## Activity:
Copy nothing but the lines from the line with "在大氣恢弘的《旗舞》開場秀之" to the end of the records, retyped exactly. Pictures stay out.

## Data to examine:
^^^^^^^^^^^^^^^^
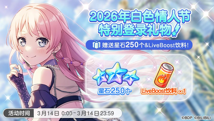 今日内登录游戏可以获得特别礼物哦!此外,游戏内还将追加白色情人节特别语音,请务必登录游戏听听看呀♡(o⌒.⌒o)
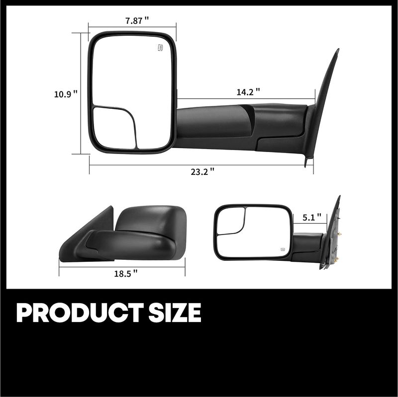 This YITAMOTOR mirror was engineered to look, fit and function like the original mirror assembly for your vehicle's specific year, make, and model. Upgrade to our high-quality towing mirror today and enjoy a safer, more enjoyable driving experience.
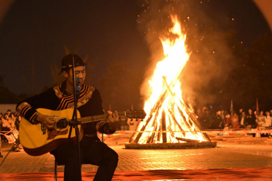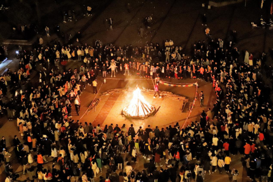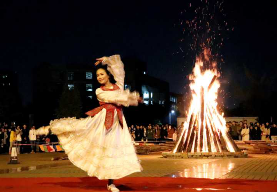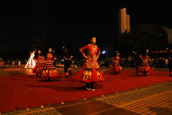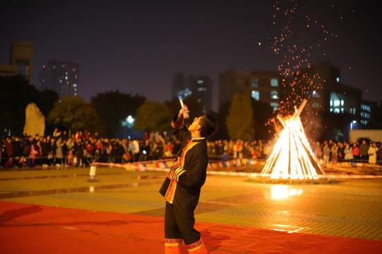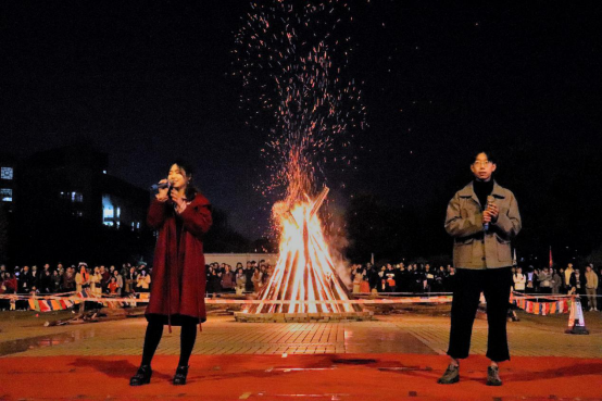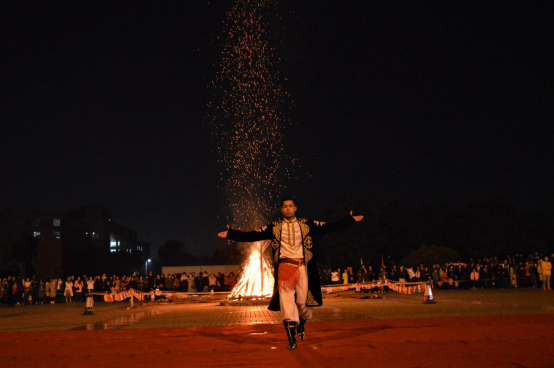 在大氣恢弘的《旗舞》開場秀之后,校團委副書記張維,校團委老師付相宜,第十五屆校社團聯主席張煒,第十六屆校社團聯主席范道全,民族文化協會會長拉布澤郎共同點燃篝火,為十六載社聯人的夢想蓄力。
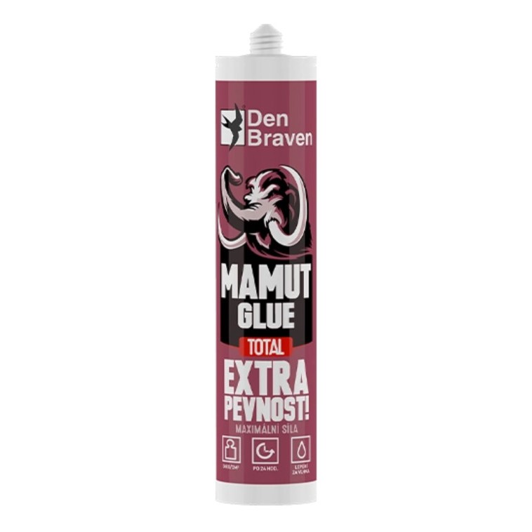 Den Braven MAMUT GLUE Total je vysoce kvalitní, profesionální a univerzální lepidlo na bázi MS polymerů, které vykazuje extrémně vysokou pevnost v tahu a vysokou konečnou přídržnosti. Vytvrzuje vulkanizací vzdušné vlhkosti, vytváří vysokopevnostní elastický spoj. Jedná se o univerzální lepidlo pro lepení mnoha stavebních materiálů a je určeno k lepení konstrukčních vodotěsných spojů ve stavebním a strojním průmyslu. Lepidlo Mamut Glue Total je univerzální lepidlo a tmel pro všechny připojovací spáry, trhliny a nerovnosti ve stavebnictví a průmyslu na údržbu, renovaci, opravy, výstavbu, instalace a montáž. Stejně tak je vhodné k použití při lepení konstrukčních dílů automobilů, přívěsů, autobusů, karavanů, osobních vagónů, lodí, fasád, nábytku apod. Lepidlo disponuje objemem 290 ml.
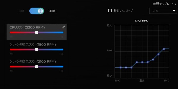 CPUファン、シャーシの吸気ファン、シャーシの排気ファンの回転数を手動で調整できます。
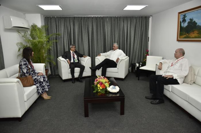 Der Präsident der Republik, Miguel Díaz-Canel Bermúdez, traf in den Hallen der ExpoCuba mit den Leitern der Delegationen der Vereinigten Arabischen Emirate (VAE), die zum ersten Mal an der Messe in Havanna teilnehmen, und Nicaraguas zusammen.
^^^^^^^^^^^^^^^^
## Finished task:
 在大氣恢弘的《旗舞》開場秀之后,校團委副書記張維,校團委老師付相宜,第十五屆校社團聯主席張煒,第十六屆校社團聯主席范道全,民族文化協會會長拉布澤郎共同點燃篝火,為十六載社聯人的夢想蓄力。
 Den Braven MAMUT GLUE Total je vysoce kvalitní, profesionální a univerzální lepidlo na bázi MS polymerů, které vykazuje extrémně vysokou pevnost v tahu a vysokou konečnou přídržnosti. Vytvrzuje vulkanizací vzdušné vlhkosti, vytváří vysokopevnostní elastický spoj. Jedná se o univerzální lepidlo pro lepení mnoha stavebních materiálů a je určeno k lepení konstrukčních vodotěsných spojů ve stavebním a strojním průmyslu. Lepidlo Mamut Glue Total je univerzální lepidlo a tmel pro všechny připojovací spáry, trhliny a nerovnosti ve stavebnictví a průmyslu na údržbu, renovaci, opravy, výstavbu, instalace a montáž. Stejně tak je vhodné k použití při lepení konstrukčních dílů automobilů, přívěsů, autobusů, karavanů, osobních vagónů, lodí, fasád, nábytku apod. Lepidlo disponuje objemem 290 ml.
 CPUファン、シャーシの吸気ファン、シャーシの排気ファンの回転数を手動で調整できます。
 Der Präsident der Republik, Miguel Díaz-Canel Bermúdez, traf in den Hallen der ExpoCuba mit den Leitern der Delegationen der Vereinigten Arabischen Emirate (VAE), die zum ersten Mal an der Messe in Havanna teilnehmen, und Nicaraguas zusammen.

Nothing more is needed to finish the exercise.